Emily's fingers gracefully danced over the screen, skimming over dozens of contacts on her list until she reached the one she was loathed to touch. The tip of her finger hovered over the name 'Douche' her teeth worrying against her lower lip in a silent debate whether she should call the man her brother considered his best friend or not. The thought of it alone made her nauseous. The redhead would have preferred dealing with her asshole of a boyfriend rather than her brother's friends. 'But this isn't for you. It's for Joey.' Her mind insisted, the tiny voice of reason doing its job to motivate her into pushing the send button. The phone was pushed against her ear, soon greeted with the ringing of the line once it finally went through. She didn't know whether he would answer, didn't really care whether he did or not. She made the effort to reach out to him, and to Emily that was all the courtesy, she would afford him.

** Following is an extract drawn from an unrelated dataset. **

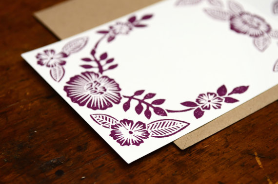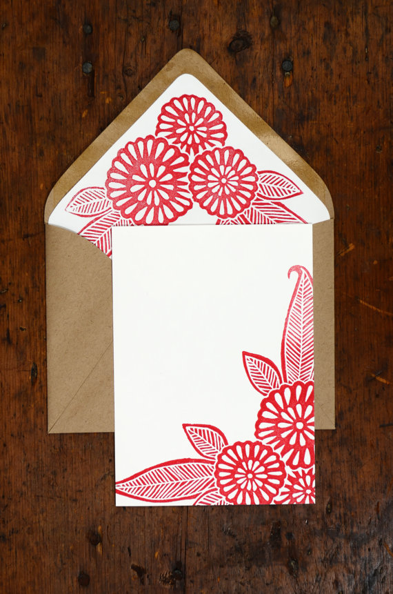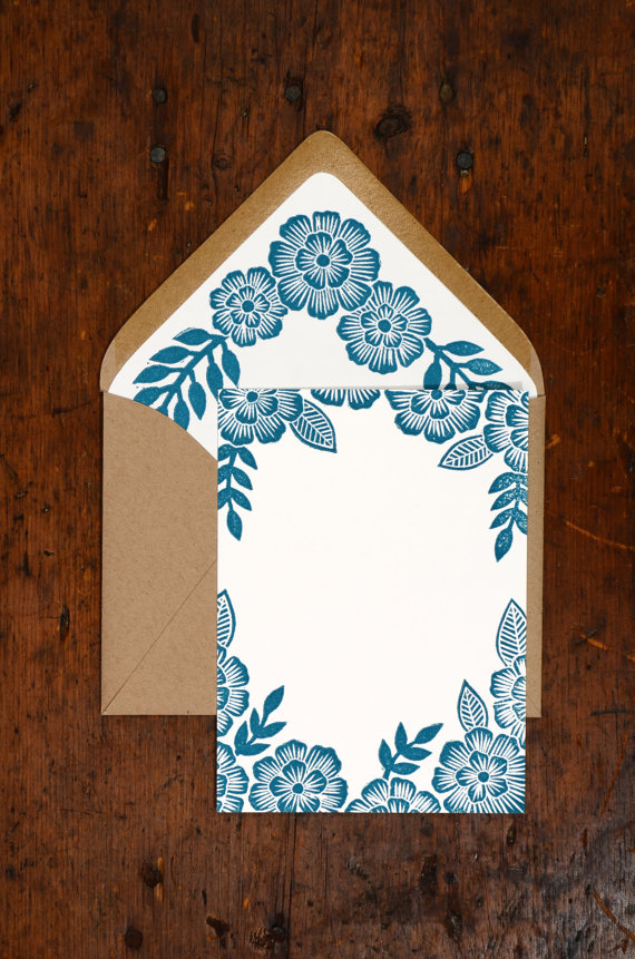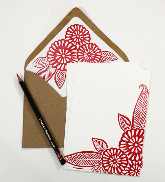 Each set contains six A7 flat cards and six kraft envelopes with matching liners. Both the cards and the liners are printed with a hand-carved linoleum block. You can find them in the shop right here.

She was doing this for her brother who was currently laid up in a hospital bed in pain, and unaware that there was anyone out there worrying after him. Emily could at least tell him she tried when he woke up, and if she succeeded, she would deal with the man for as long as it took for her brother to recover. She could only hope that time would be short, or else she might end up going to jail for murder.
She waited until the phone stopped ringing, barely acknowledging whether she was greeted by a mechanical voice of voicemail, or her brother's friend. For a moment she couldn't speak, even saying the words out loud, telling someone else that her brother was in the hospital brought it all home for her. Right now she could pretend that Joey would be wide awake with a few casts and some bruises when she finally reached his hospital room, but once she spat the words out, finally gave his condition there was no taking them back. Emily finally found her voice, tense and thick, but still hers. "Joey was in a car accident. He's at Mercy Hospital. They're getting ready to move him up to ICU….I don't know what room yet, you'll have to ask if you come. I thought you would want to know." She ended the call as quickly as she made it, stuffing her phone back into her pocket without another thought. She didn't want to talk to anyone, especially not him, and she would have gladly avoided it entirely if she could have. But it was too late now. The call had been made and now it would only be a matter of time before she was stuck dealing with his loathsome presence.